I thought I was riding a bike, but I guess it was a vacuum cleaner
He was actually able to throw up in the bucket from the top bunk. im impressed.
Does slim fast make a chocolate heart for valentines? If so that's what she's getting.
I just put a tampon in while driving. Don't tell me I don't got skills.
The money is just too good to quit doing it. I'm using the same justification strippers use.
That gas station is used for only two things, picking up moonshine and getting murdered. Only two outcomes.
Carson kissed me on my cold sore before I could stop him so I think I gave my kid herpes. Mom of the year.
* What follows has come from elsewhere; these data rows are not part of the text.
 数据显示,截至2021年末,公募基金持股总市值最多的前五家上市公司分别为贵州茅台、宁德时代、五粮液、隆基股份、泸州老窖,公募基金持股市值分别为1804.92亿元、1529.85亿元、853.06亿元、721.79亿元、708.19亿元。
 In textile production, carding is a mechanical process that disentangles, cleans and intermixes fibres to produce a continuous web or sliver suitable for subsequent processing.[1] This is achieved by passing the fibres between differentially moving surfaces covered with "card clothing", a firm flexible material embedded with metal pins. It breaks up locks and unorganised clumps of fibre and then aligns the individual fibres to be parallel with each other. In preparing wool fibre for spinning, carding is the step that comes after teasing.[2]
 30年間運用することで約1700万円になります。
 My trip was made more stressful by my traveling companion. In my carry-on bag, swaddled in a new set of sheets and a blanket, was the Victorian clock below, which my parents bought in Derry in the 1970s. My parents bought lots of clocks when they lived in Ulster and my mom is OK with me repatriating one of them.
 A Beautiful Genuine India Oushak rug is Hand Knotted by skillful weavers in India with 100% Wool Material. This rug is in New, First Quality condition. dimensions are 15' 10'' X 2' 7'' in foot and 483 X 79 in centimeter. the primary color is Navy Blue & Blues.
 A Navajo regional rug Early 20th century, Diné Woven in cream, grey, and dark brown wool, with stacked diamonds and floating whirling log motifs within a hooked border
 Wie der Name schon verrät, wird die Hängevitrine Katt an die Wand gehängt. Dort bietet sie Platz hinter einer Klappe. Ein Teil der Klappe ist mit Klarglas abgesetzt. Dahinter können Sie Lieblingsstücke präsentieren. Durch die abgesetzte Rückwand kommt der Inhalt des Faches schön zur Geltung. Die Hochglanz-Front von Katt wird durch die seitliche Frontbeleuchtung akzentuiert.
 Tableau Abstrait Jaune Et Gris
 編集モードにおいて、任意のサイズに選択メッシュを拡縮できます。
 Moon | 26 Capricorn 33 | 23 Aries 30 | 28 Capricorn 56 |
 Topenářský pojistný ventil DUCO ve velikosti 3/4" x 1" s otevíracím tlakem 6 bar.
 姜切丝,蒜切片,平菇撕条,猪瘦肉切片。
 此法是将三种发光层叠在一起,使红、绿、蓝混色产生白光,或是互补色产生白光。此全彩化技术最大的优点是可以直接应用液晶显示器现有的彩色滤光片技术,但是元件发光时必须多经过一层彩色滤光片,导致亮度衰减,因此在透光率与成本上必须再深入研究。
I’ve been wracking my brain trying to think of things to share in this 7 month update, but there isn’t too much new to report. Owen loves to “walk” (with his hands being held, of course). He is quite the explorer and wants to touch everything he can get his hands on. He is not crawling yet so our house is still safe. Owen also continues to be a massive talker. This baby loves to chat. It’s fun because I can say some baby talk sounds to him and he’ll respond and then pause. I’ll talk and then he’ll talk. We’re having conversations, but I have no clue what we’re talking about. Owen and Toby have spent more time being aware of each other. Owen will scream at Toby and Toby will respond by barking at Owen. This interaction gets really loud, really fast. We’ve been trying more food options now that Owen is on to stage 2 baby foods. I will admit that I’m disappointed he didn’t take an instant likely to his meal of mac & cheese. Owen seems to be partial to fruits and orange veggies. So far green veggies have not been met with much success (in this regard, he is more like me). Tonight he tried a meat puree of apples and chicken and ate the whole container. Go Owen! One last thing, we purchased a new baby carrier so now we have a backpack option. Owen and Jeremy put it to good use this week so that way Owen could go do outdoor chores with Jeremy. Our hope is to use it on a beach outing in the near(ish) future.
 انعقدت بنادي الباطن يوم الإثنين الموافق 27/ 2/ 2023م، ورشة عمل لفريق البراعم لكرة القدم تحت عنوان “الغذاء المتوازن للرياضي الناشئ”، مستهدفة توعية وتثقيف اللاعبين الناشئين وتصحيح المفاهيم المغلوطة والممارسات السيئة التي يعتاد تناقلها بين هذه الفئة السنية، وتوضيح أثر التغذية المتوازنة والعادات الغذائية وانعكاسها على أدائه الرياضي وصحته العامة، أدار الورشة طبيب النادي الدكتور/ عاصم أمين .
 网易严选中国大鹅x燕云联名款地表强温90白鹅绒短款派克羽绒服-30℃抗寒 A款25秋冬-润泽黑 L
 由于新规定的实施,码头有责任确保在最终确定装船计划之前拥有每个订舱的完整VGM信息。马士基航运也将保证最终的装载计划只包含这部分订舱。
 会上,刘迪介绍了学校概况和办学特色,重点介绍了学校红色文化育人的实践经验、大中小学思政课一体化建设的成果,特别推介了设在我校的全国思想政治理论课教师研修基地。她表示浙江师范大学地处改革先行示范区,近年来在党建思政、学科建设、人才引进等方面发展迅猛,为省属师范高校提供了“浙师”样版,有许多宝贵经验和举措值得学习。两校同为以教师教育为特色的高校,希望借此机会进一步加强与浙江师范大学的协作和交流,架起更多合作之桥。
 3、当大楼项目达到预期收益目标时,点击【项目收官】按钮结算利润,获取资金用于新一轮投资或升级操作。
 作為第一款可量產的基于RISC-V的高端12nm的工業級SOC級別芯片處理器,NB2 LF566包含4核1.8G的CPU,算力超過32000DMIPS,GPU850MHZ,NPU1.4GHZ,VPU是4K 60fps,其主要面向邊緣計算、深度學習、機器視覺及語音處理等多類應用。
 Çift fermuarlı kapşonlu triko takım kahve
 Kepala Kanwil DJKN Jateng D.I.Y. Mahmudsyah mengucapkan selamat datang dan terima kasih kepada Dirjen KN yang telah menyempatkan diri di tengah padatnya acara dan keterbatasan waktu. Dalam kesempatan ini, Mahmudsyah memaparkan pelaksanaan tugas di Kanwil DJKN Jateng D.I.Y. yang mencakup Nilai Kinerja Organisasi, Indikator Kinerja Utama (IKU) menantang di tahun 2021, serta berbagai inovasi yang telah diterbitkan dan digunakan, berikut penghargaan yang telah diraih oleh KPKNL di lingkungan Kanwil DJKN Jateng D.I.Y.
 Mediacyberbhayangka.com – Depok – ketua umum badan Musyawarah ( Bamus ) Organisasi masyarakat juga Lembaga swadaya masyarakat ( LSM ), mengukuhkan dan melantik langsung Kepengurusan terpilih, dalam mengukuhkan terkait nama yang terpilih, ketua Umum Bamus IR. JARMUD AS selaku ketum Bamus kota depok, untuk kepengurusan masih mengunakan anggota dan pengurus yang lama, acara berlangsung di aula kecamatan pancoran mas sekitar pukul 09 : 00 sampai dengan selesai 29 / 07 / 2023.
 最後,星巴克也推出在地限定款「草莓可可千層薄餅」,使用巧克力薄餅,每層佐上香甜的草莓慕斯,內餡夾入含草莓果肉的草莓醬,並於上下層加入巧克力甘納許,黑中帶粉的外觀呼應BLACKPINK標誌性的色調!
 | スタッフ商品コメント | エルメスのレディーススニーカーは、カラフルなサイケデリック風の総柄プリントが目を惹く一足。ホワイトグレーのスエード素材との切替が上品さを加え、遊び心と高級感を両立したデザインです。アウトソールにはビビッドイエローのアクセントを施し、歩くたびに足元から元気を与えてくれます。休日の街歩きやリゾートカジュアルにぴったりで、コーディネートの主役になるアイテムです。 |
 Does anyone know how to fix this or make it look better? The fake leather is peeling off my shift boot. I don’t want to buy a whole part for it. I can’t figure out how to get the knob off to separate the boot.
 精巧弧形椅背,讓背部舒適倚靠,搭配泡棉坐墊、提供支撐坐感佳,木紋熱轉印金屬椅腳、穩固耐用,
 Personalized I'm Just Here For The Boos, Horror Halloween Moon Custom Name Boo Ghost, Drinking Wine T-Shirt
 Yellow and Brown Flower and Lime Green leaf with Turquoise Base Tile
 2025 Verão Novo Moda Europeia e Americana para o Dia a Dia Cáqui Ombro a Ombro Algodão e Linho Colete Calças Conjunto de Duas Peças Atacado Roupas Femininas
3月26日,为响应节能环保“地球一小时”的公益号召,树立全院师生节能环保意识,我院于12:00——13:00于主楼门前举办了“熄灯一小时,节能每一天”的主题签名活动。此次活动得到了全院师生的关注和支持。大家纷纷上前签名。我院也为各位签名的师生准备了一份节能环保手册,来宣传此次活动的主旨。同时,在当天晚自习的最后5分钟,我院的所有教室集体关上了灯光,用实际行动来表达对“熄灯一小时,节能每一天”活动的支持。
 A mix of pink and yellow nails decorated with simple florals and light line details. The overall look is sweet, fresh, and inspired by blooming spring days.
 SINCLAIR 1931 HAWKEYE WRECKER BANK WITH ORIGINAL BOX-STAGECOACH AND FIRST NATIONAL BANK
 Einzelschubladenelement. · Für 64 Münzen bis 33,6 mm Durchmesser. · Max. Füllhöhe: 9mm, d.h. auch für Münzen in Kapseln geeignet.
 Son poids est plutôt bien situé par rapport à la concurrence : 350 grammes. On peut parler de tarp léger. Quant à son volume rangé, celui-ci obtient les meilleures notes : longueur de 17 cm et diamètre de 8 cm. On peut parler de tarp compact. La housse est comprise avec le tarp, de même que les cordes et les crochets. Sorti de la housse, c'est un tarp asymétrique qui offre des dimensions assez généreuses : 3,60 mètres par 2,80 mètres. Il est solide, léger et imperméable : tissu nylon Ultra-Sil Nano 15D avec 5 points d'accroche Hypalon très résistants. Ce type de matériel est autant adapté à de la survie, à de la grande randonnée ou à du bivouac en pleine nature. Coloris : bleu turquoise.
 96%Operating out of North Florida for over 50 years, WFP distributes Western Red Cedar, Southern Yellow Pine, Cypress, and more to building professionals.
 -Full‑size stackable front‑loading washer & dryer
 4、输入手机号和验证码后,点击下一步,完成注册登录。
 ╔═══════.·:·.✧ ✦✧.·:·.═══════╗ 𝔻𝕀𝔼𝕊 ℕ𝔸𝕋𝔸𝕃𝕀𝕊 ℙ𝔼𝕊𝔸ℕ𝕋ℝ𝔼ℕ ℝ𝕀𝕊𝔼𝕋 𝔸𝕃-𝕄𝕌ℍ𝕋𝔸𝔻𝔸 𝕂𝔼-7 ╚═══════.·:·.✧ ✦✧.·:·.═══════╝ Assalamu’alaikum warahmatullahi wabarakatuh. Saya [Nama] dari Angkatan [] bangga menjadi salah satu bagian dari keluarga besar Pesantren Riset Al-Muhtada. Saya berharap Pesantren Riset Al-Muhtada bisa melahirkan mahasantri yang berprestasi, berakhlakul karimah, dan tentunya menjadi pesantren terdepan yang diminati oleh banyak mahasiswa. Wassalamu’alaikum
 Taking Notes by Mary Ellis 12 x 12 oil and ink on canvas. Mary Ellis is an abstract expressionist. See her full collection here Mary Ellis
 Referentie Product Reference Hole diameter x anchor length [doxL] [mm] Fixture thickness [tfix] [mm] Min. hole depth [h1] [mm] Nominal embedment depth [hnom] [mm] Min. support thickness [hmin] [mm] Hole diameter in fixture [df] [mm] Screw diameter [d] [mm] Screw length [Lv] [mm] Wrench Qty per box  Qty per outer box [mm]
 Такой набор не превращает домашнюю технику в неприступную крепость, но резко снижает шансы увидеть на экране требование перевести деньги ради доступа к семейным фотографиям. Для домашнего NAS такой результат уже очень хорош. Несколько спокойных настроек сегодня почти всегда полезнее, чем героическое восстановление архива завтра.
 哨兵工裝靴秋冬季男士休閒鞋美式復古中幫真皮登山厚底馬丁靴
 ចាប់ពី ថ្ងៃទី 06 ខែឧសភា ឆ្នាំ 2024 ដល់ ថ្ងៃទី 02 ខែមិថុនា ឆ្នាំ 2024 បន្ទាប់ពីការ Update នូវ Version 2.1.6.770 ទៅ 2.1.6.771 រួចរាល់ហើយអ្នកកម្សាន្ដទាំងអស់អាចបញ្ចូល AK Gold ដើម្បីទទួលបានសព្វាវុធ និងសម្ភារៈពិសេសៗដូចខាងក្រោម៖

Just call me MOTY.
He's going to find out eventually, but really what's he going to do? Cry about it and buy another fucking kitten??
He said you asked to eat pepperoni off his dick and he thought it was weird
I mean I thought it sounded fun
He invited to drink but spelled forties wrong so no thx
People try and tell me I never learn me lesson, well that's a bunch of crap. I asked for Monday off for Superbowl recovery based on my experience last year.
Our sub is singing "i believe i can fly" after yelling at the class this whole time and this is really hella weird
Going to jail. Warrant. Be home late. For the love of god turn your ringer on.
I would offer you moral support, but I have questionable morals..
Why yes, I DID want cramps for Christmas, how did you know God?